(Source data):
....
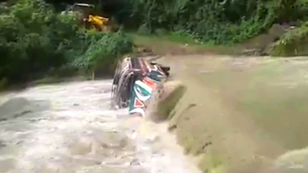La fuerza de la corriente arrastró a un autobús que trataba de cruzar un río en Guatemala
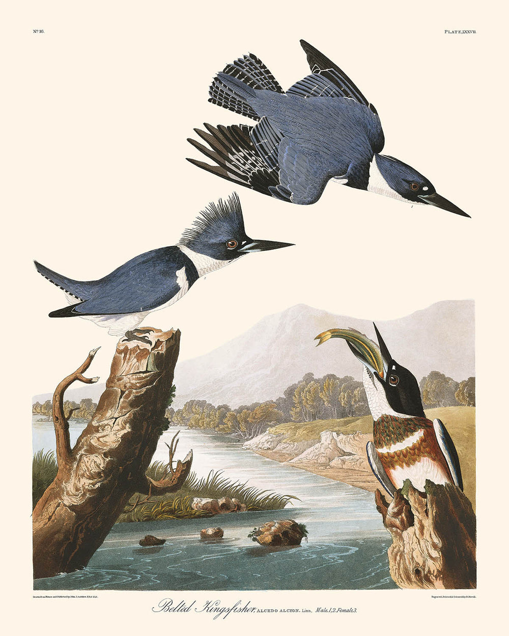 Belted Kingfisher, first published in 1827, is one of the exquisitely detailed bird illustrations from John James Audubon's monumental work, Birds of America. This particular plate captures the majesty and precision of the Belted Kingfisher, a bird observed through meticulous study by Audubon.
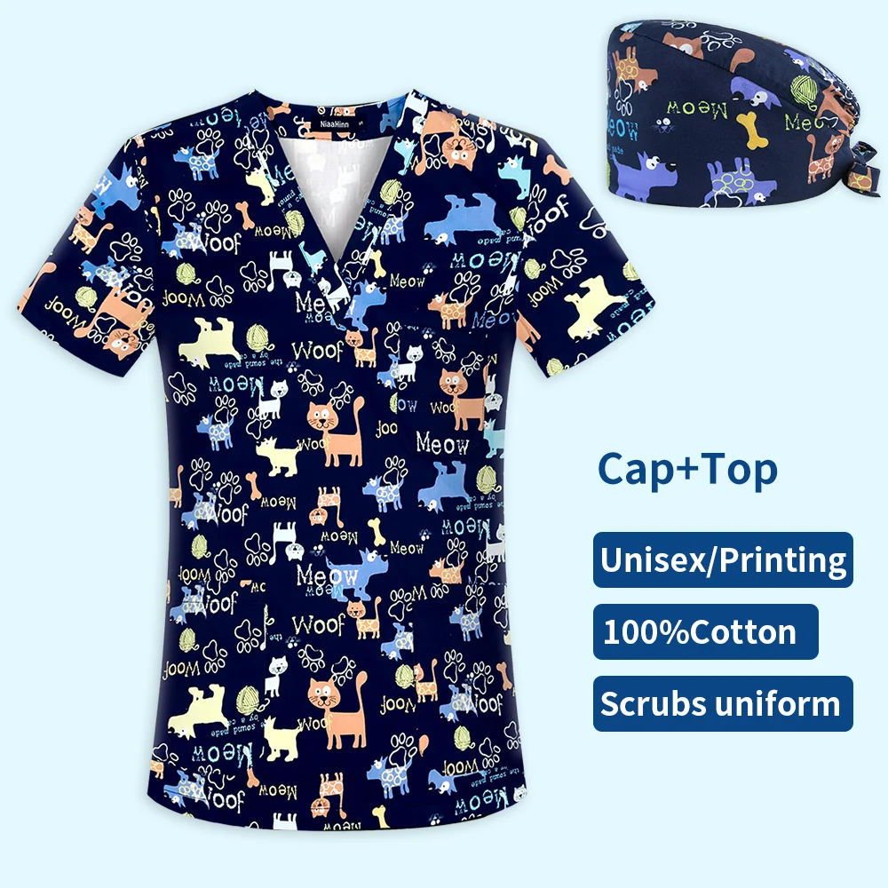 Одежда для хирургии с принтом животных, хлопковая медицинская одежд...
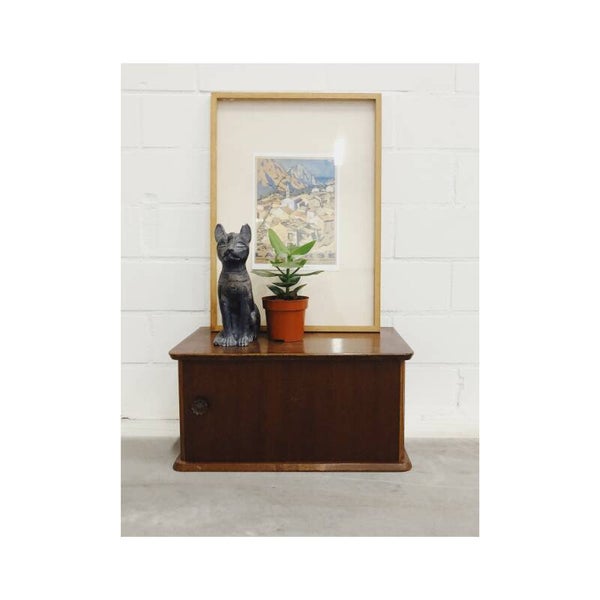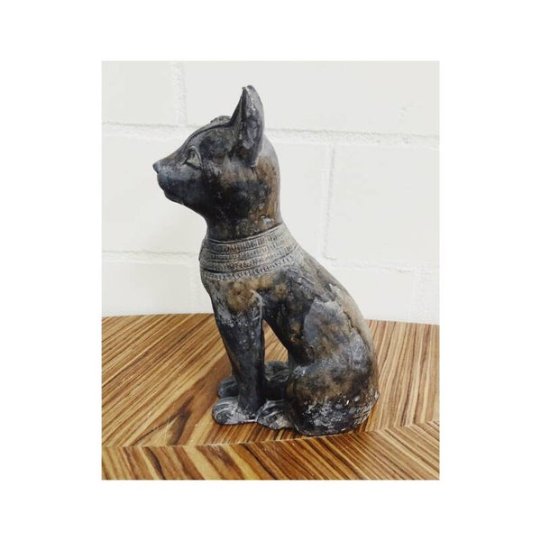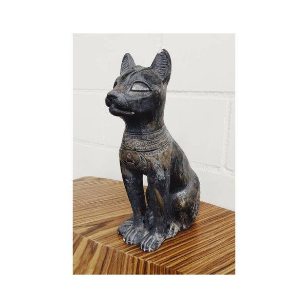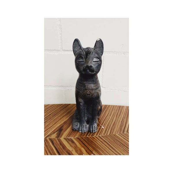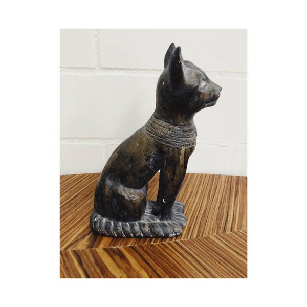 Kattenlovers opgelet! Massief beeldje van de kattengodin Mau. Het beeldje is van een mooi compact formaat en vervaardigd uit donker albast. De Egyptische kat heeft een klein chipje uit het oor maar is verder in goede vintage staat.
....
(Work order): Starting with the line that has "Belted Kingfisher, first" and ending with the line that has "Одежда для хирургии", repeat the lines above exactly, omitting every picture.

(Exercise result):
 Belted Kingfisher, first published in 1827, is one of the exquisitely detailed bird illustrations from John James Audubon's monumental work, Birds of America. This particular plate captures the majesty and precision of the Belted Kingfisher, a bird observed through meticulous study by Audubon.
 Одежда для хирургии с принтом животных, хлопковая медицинская одежд...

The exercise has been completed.